Reproduce precisely the lines between the start of the data below and the line with "Bones - 100A", both included.

• **Available data**:
%%

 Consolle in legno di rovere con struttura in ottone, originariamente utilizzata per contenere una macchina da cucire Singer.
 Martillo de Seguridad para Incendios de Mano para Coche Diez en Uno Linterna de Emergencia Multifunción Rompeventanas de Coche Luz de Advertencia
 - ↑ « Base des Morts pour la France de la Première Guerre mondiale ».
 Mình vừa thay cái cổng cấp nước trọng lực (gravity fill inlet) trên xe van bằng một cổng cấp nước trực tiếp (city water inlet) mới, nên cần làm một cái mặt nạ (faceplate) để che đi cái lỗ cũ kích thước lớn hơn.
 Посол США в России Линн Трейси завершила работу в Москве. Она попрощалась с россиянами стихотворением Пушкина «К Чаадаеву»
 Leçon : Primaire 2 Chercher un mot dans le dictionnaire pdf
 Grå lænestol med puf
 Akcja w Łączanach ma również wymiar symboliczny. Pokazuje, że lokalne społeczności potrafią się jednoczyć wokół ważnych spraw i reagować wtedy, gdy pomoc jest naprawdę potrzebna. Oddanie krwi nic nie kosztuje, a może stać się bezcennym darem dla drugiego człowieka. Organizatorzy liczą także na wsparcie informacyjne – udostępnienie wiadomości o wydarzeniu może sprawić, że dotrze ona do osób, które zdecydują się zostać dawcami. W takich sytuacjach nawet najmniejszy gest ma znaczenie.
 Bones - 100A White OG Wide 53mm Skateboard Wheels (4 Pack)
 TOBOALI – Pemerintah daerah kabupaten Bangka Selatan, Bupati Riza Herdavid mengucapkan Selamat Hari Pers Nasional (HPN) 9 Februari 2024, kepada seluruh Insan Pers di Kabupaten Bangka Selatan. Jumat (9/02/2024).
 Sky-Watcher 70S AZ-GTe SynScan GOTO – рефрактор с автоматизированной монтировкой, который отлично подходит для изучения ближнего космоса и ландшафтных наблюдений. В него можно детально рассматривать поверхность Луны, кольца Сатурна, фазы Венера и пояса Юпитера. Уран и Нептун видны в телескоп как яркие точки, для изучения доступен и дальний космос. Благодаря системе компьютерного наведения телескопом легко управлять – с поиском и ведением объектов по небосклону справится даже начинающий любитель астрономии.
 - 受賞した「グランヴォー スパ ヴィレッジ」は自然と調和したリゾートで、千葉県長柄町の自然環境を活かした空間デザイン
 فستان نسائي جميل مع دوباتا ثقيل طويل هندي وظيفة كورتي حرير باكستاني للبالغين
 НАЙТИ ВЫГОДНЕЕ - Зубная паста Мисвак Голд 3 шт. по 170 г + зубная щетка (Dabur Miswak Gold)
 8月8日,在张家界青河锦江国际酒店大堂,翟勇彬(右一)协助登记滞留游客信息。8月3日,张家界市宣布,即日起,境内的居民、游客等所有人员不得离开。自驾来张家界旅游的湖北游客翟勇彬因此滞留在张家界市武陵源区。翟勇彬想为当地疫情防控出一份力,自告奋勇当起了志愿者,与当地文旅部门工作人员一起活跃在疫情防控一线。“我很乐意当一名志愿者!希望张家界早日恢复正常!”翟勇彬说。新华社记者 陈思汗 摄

%%

• **Exercise result**:
 Consolle in legno di rovere con struttura in ottone, originariamente utilizzata per contenere una macchina da cucire Singer.
 Martillo de Seguridad para Incendios de Mano para Coche Diez en Uno Linterna de Emergencia Multifunción Rompeventanas de Coche Luz de Advertencia
 - ↑ « Base des Morts pour la France de la Première Guerre mondiale ».
 Mình vừa thay cái cổng cấp nước trọng lực (gravity fill inlet) trên xe van bằng một cổng cấp nước trực tiếp (city water inlet) mới, nên cần làm một cái mặt nạ (faceplate) để che đi cái lỗ cũ kích thước lớn hơn.
 Посол США в России Линн Трейси завершила работу в Москве. Она попрощалась с россиянами стихотворением Пушкина «К Чаадаеву»
 Leçon : Primaire 2 Chercher un mot dans le dictionnaire pdf
 Grå lænestol med puf
 Akcja w Łączanach ma również wymiar symboliczny. Pokazuje, że lokalne społeczności potrafią się jednoczyć wokół ważnych spraw i reagować wtedy, gdy pomoc jest naprawdę potrzebna. Oddanie krwi nic nie kosztuje, a może stać się bezcennym darem dla drugiego człowieka. Organizatorzy liczą także na wsparcie informacyjne – udostępnienie wiadomości o wydarzeniu może sprawić, że dotrze ona do osób, które zdecydują się zostać dawcami. W takich sytuacjach nawet najmniejszy gest ma znaczenie.
 Bones - 100A White OG Wide 53mm Skateboard Wheels (4 Pack)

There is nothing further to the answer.